Dataset:
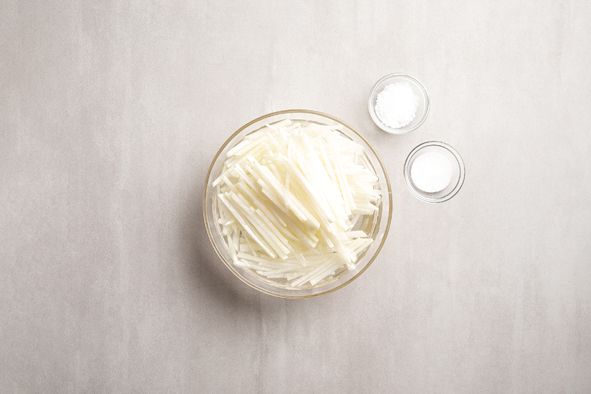3. Place the radish stripes in bowls and sprinkle with salt & sugar and leave it for 10 minutes to marinate the radish in salt & sugar.
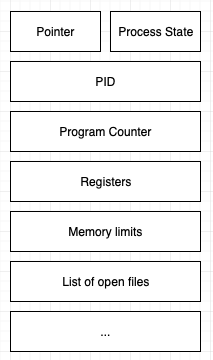 프로세스가 생성된다는 것은 프로세스가 운영체제에 의해 하나의 관리 개체로 등록됨을 의미한다. 이때 프로세스 관리를 위해 모든 정보를 기록하는 표를 PCB라 한다. PCB의 수는 생성 가능한 최대 프로세스 수를 의미한다. PCB는 위에서 언급된 속성들을 저장한다.
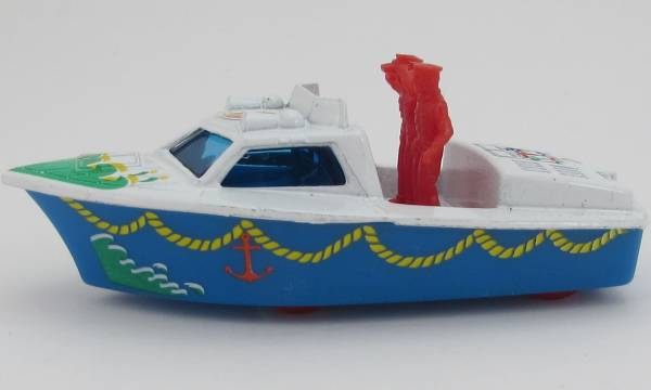 white deck, blue hull, hatch on roof, red figures, rope pattern, 123, etc. deco |
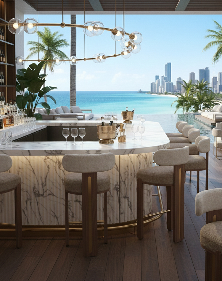 Elevate your kitchen island or home bar with the Diane Bar Chair — a refined fusion of comfort, texture and timeless elegance. Upholstered in sumptuous bouclé, the seat invites you to linger over drinks or conversations, while the curved backrest provides subtle support without disrupting the sleek profile. The warm walnut wood base grounds the design in natural sophistication, and polished brass details add a whisper of luxury — perfect for a Mediterranean-inspired interior where craftsmanship and understated glamour meet. Designed to complement contemporary counters or oversized bar tables, the Diane Bar Chair brings a graceful, sculptural presence that makes everyday moments feel elevated.
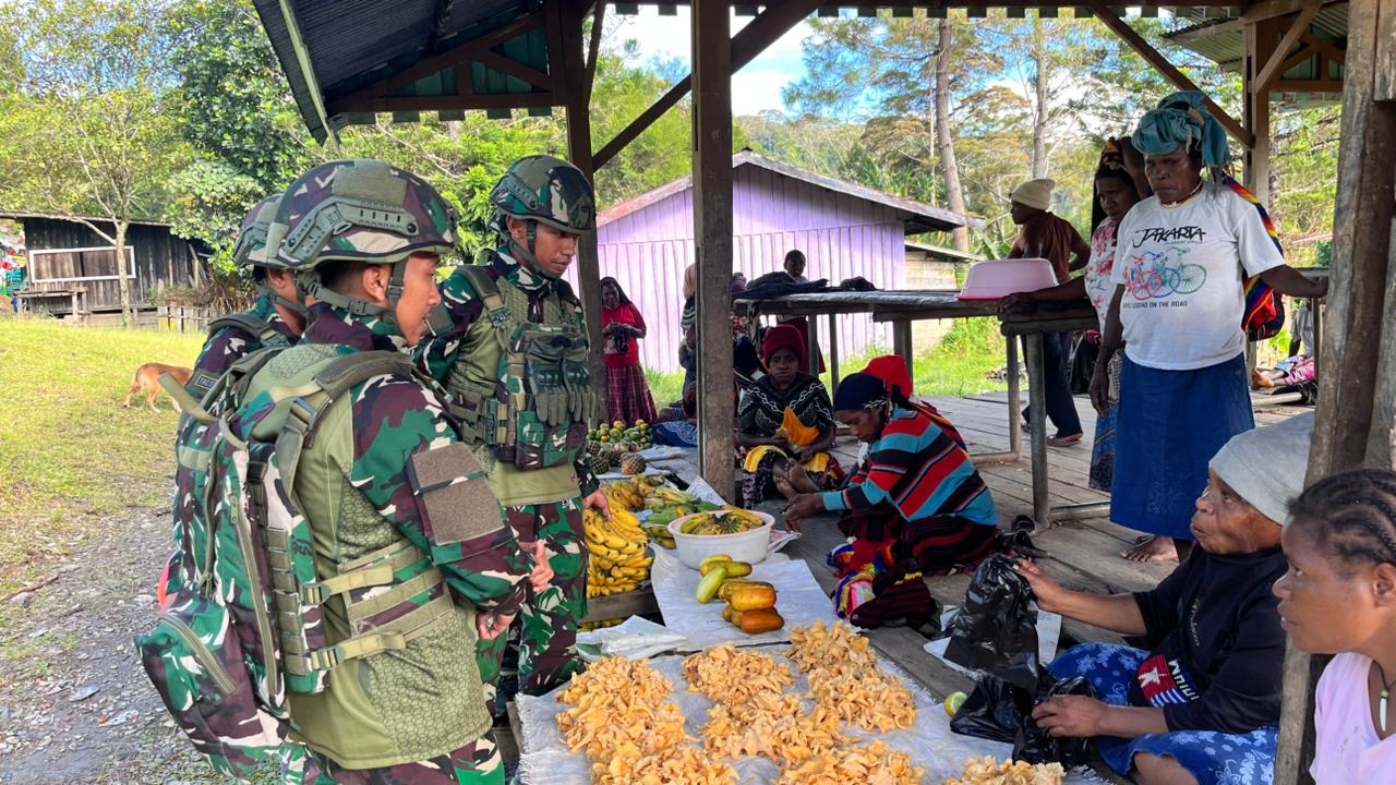 Dalam rangka mendukung perekonomian lokal, Satgas Yonif 521/DY Pos Kelila memborong hasil bumi dari para pedagang di Pasar Kampung Kelila, pada Jumat (5/9/2025).
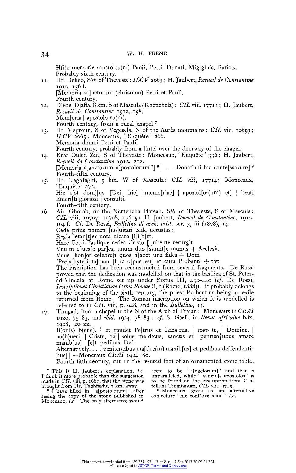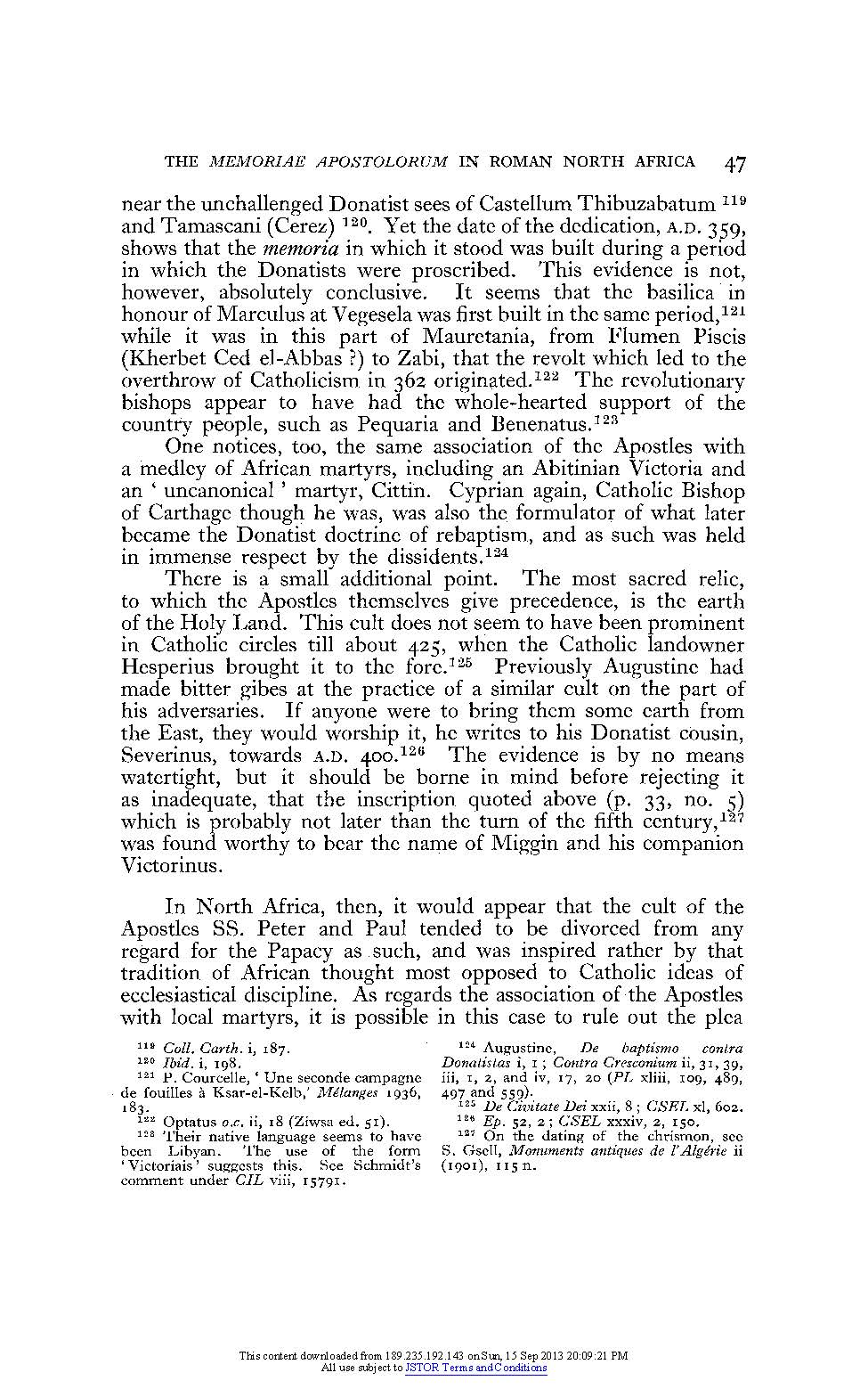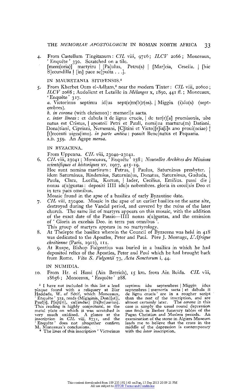 Article. Frend .The Memoriae Apostolorum in Roman North Africa. 1940.

Exercise prompt: The answer consists solely of the lines from the one holding "Elevate your kitchen" through the final line of the records, both ends included, each duplicated exactly. Leave images out.

Completed exercise:
 Elevate your kitchen island or home bar with the Diane Bar Chair — a refined fusion of comfort, texture and timeless elegance. Upholstered in sumptuous bouclé, the seat invites you to linger over drinks or conversations, while the curved backrest provides subtle support without disrupting the sleek profile. The warm walnut wood base grounds the design in natural sophistication, and polished brass details add a whisper of luxury — perfect for a Mediterranean-inspired interior where craftsmanship and understated glamour meet. Designed to complement contemporary counters or oversized bar tables, the Diane Bar Chair brings a graceful, sculptural presence that makes everyday moments feel elevated.
 Dalam rangka mendukung perekonomian lokal, Satgas Yonif 521/DY Pos Kelila memborong hasil bumi dari para pedagang di Pasar Kampung Kelila, pada Jumat (5/9/2025).
 Article. Frend .The Memoriae Apostolorum in Roman North Africa. 1940.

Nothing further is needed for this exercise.